- [Records to use]:
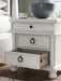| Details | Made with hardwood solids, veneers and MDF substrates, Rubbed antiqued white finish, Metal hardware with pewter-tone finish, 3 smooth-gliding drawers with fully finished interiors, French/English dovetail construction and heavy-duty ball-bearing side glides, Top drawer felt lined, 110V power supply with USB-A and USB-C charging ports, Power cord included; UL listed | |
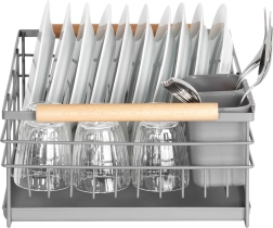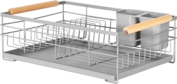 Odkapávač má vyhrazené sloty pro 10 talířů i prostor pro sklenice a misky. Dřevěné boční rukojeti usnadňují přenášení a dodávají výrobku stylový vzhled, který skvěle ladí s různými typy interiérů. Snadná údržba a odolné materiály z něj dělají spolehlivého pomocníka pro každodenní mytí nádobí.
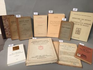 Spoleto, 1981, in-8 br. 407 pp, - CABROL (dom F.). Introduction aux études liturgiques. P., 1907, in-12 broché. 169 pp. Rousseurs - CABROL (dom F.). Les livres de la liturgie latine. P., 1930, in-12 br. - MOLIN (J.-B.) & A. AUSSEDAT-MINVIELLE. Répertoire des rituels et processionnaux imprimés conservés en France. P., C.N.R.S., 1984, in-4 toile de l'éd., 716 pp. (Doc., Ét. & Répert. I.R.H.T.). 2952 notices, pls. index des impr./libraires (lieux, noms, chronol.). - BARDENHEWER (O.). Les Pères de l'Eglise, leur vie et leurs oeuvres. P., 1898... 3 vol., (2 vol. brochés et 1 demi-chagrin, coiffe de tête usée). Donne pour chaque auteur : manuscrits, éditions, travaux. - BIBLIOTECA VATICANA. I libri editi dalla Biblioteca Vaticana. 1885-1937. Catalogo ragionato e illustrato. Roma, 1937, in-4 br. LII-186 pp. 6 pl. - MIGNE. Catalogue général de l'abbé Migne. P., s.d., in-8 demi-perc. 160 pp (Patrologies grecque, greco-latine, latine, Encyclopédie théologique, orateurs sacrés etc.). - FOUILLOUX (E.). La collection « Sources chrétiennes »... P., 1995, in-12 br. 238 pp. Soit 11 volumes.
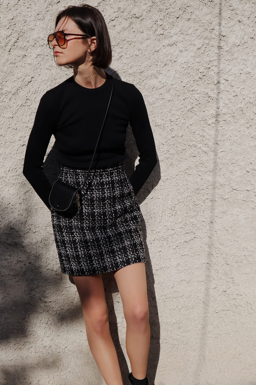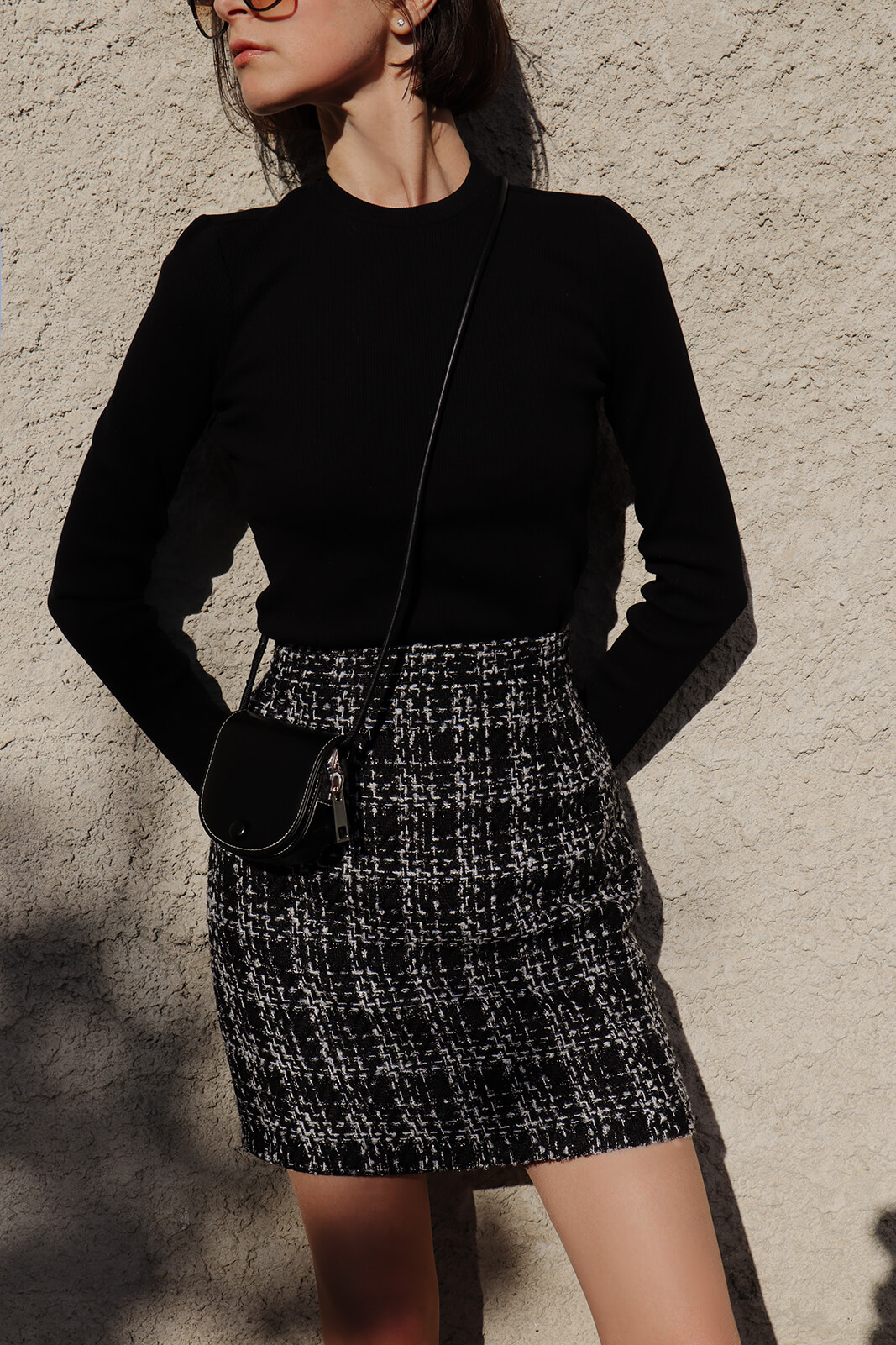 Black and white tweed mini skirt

* * *

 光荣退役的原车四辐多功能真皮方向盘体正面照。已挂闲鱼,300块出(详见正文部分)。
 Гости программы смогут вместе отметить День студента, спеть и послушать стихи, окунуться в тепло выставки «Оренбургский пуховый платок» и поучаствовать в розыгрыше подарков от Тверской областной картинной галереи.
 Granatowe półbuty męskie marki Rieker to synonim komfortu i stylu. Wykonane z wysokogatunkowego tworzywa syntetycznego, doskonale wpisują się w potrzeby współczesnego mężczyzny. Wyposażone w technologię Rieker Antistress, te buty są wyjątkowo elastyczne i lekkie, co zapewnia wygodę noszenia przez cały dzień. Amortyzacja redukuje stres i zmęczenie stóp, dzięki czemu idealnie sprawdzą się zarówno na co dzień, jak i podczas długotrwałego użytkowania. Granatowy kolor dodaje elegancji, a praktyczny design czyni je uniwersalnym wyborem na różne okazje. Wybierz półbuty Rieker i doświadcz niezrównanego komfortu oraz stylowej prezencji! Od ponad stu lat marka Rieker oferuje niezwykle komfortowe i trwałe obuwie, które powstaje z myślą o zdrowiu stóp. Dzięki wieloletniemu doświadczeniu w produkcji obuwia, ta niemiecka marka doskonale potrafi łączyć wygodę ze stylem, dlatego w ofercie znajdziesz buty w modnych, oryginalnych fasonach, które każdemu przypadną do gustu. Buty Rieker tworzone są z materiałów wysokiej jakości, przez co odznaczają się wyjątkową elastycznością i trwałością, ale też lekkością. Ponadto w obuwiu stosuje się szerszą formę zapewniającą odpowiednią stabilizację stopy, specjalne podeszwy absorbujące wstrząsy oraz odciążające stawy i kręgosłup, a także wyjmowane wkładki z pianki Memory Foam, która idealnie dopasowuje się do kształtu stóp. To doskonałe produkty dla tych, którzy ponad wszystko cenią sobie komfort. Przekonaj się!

- [Work request]:
Print exactly the lines above that run from the one with "UL listed | |" down to the one with "Odkapávač má vyhrazené", and omit the pictures.

- [Exercise answer]:
| Details | Made with hardwood solids, veneers and MDF substrates, Rubbed antiqued white finish, Metal hardware with pewter-tone finish, 3 smooth-gliding drawers with fully finished interiors, French/English dovetail construction and heavy-duty ball-bearing side glides, Top drawer felt lined, 110V power supply with USB-A and USB-C charging ports, Power cord included; UL listed | |
 Odkapávač má vyhrazené sloty pro 10 talířů i prostor pro sklenice a misky. Dřevěné boční rukojeti usnadňují přenášení a dodávají výrobku stylový vzhled, který skvěle ladí s různými typy interiérů. Snadná údržba a odolné materiály z něj dělají spolehlivého pomocníka pro každodenní mytí nádobí.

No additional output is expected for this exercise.